People have developed NVRAM that is as fast as volatile RAM and as durable as a hard disk. Presumably when it becomes competitive we will see systems where everything is memory, and there is no equivalent to disk I/O.

That sounds impressive. My tests are less so. I timed the call to Image_IO.Read in Pure_RGB. Read opens the file, reads it using GID, and closes it. I tested it with 2 PNG files supplied with GID: png_interlaced_bush.png and png_sparse_10k_x_10k.png. I then changed Load_Frame to only call Load_Frame_Dynamic_Parameters in GID.Decoding_PNG and reran them.

For png_interlaced_bush.png, the difference was 11.6%; for png_sparse_10k_x_10k.png, 28.8%. In both cases, the difference was so small compared to the overall running time for the program that I didn’t care about it.

As an aside, I noticed in GID.Decoding_PNG the comment “The image itself is contained in the IDAT chunk(s).” If an image is in multiple chunks, may they be processed in parallel?

Just as a point of interest, they definitely can be input in various applications. I’ve worked on tons of projects where the only non volatile memory was indeed EEPROM. I’ve even seen file systems implemented over them for things like data loggers. Keep in mind there are a lot of embedded applications out there that have unique requirements that standard hard drives or sdcards cannot handle.

It’s been a long time since I used PROMs, so maybe things have changed. But when I did, they required a special device to write your data to them; then they were Read-Only Memory (hence ROM) in your system at some range of addresses. We defined deferred constants with Address clauses to access the data.

It’s kind of a weird naming loophole if you will. The cells are not technically writable and are only readable, but in EEPROM you can erase them and reinitialize them (via a command, no external device). It’s a very loose use of the acronym PROM, but it caught on and became popular (EE means electronically erasable).

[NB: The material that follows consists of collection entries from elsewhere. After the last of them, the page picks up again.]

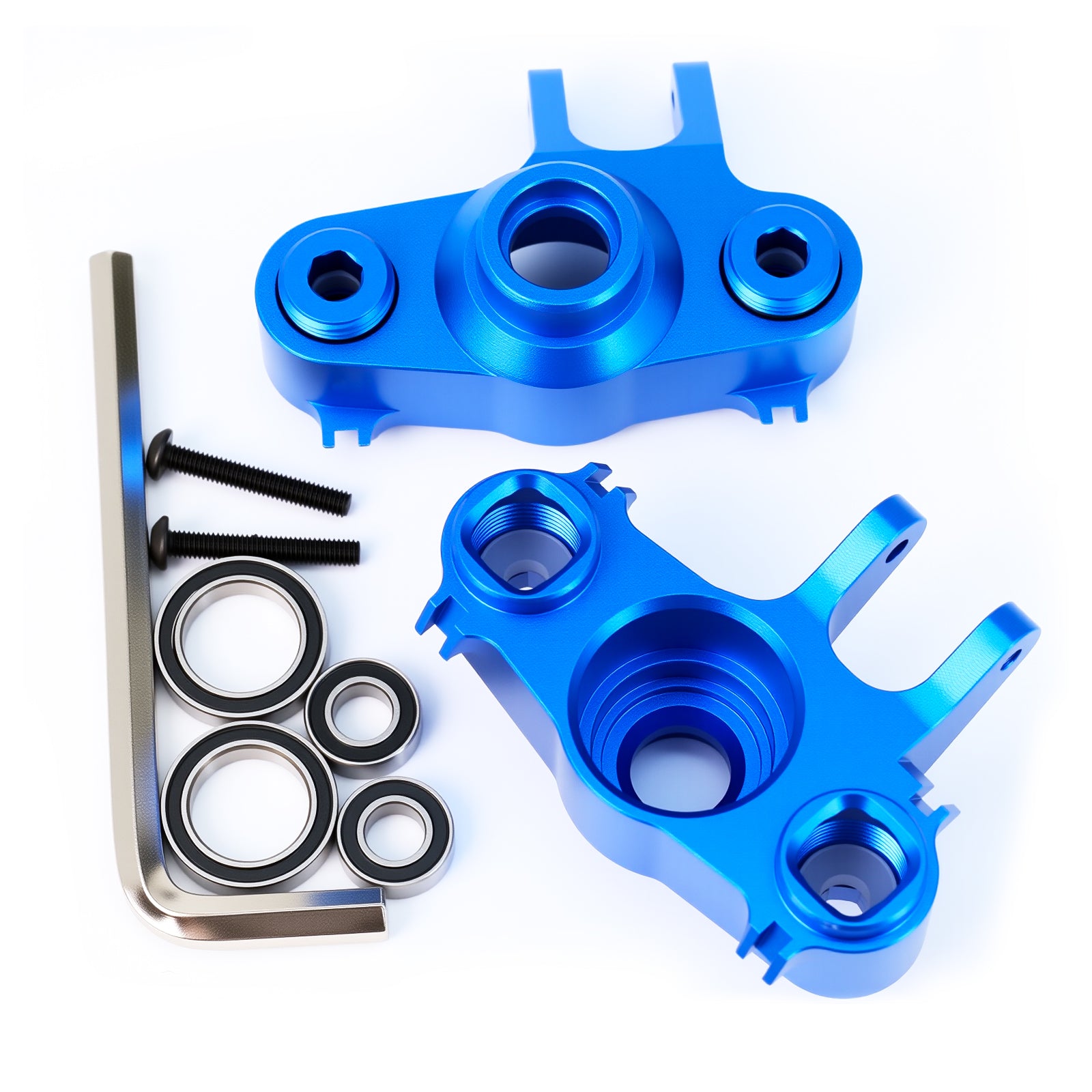2Pcs Aluminum Steering Block Knuckle Arm with Rubber Shielded Bearing Accessories for 1/10 Old E-Revo Erevo Summit E-MAXX T-MAXX3.3 Slayer Pro 4X4 5334R, Blue
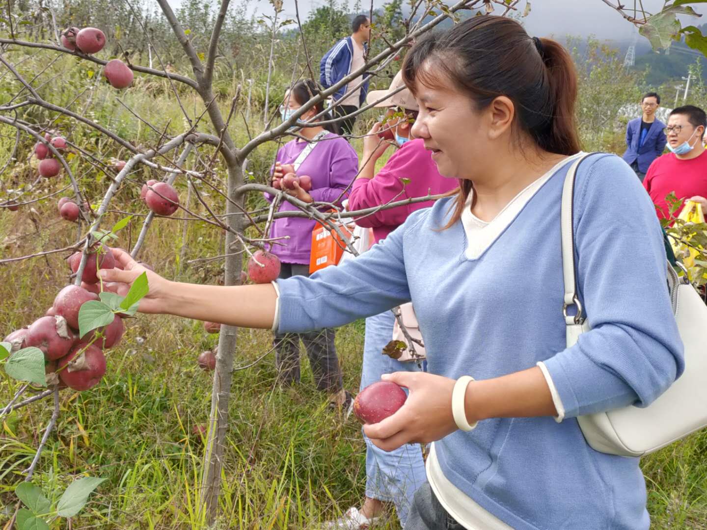 果园里充满欢声笑语,扶贫干部和他们的亲人采摘着新鲜的水果,体验着田园生活的快乐。
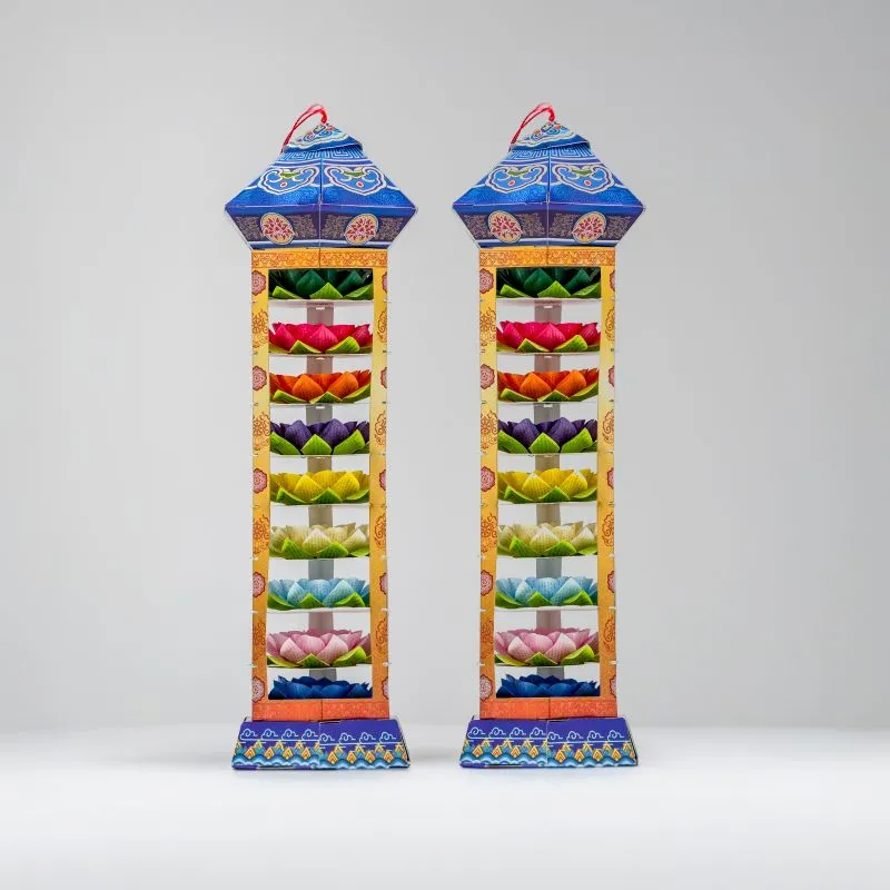 蓮花塔象徵引領亡者安然往生極樂淨土,寓意淨化身心、超脫塵緣與圓滿解脫。自古以來,蓮花被視為清淨、高雅與吉祥的象徵,代表在塵世紛擾中仍能綻放純淨本性,寓意亡者得以遠離世間苦惱,放下牽掛,安穩踏上通往極樂世界的道路。

In the old days this meant you had to be careful how many times you wrote to them as you had limited erase cycles before the internals stopped reliably storing data. One example is a chip I work on has a small 256 byte EEPROM to store some configuration/settings data on. You can only erase each byte up to 10000 times or so before it is no longer reliable to use.

However in the last 10-15 years some new technologies that are faster and more reliable caught on and a few of them have lept into the EEPROM market (Such as FeRAM). They are at a technical level not PROM (more so RAM) but what a lot of designers did was start populating ICs to act like EEPROM using standard EEPROM interfaces and standard EEPROM packages/pin outs. Now even quite a few are marketed as EEPROMs. It’s caught on and over time the term EEPROM has started to change from a technically physical implementation acronym to one that refers to the EEPROM interface standards used (kinda blackboxing the implementation). At work, we’ve actually xrayed and opened up a few of the packages we got and found our EEPROMs were not actually even PROMs internally.

So the acronym’s meaning has morphed over time, at least in the embedded world.

Side note, one of the filesystems I saw was actually implemented over PROM technology. It used a mix of software algorithms to avoid erasing memory when possible to virtually extend the erase lifetime of the chips.

The image processing that follows the decoding can be arbitrarily long, so the image decoding time can be made as unimportant as desired in relative terms to the overall run time.
However, in many cases, the processing is very short (even shorter than writing a new file) and consists in loading images’ bitmaps to a RAM (GID allows you do do it directly during the decoding).
In those cases, gains in decoding time are meaningful.

Regarding the PNG chunks, they contain compressed data and have to be processed sequentially.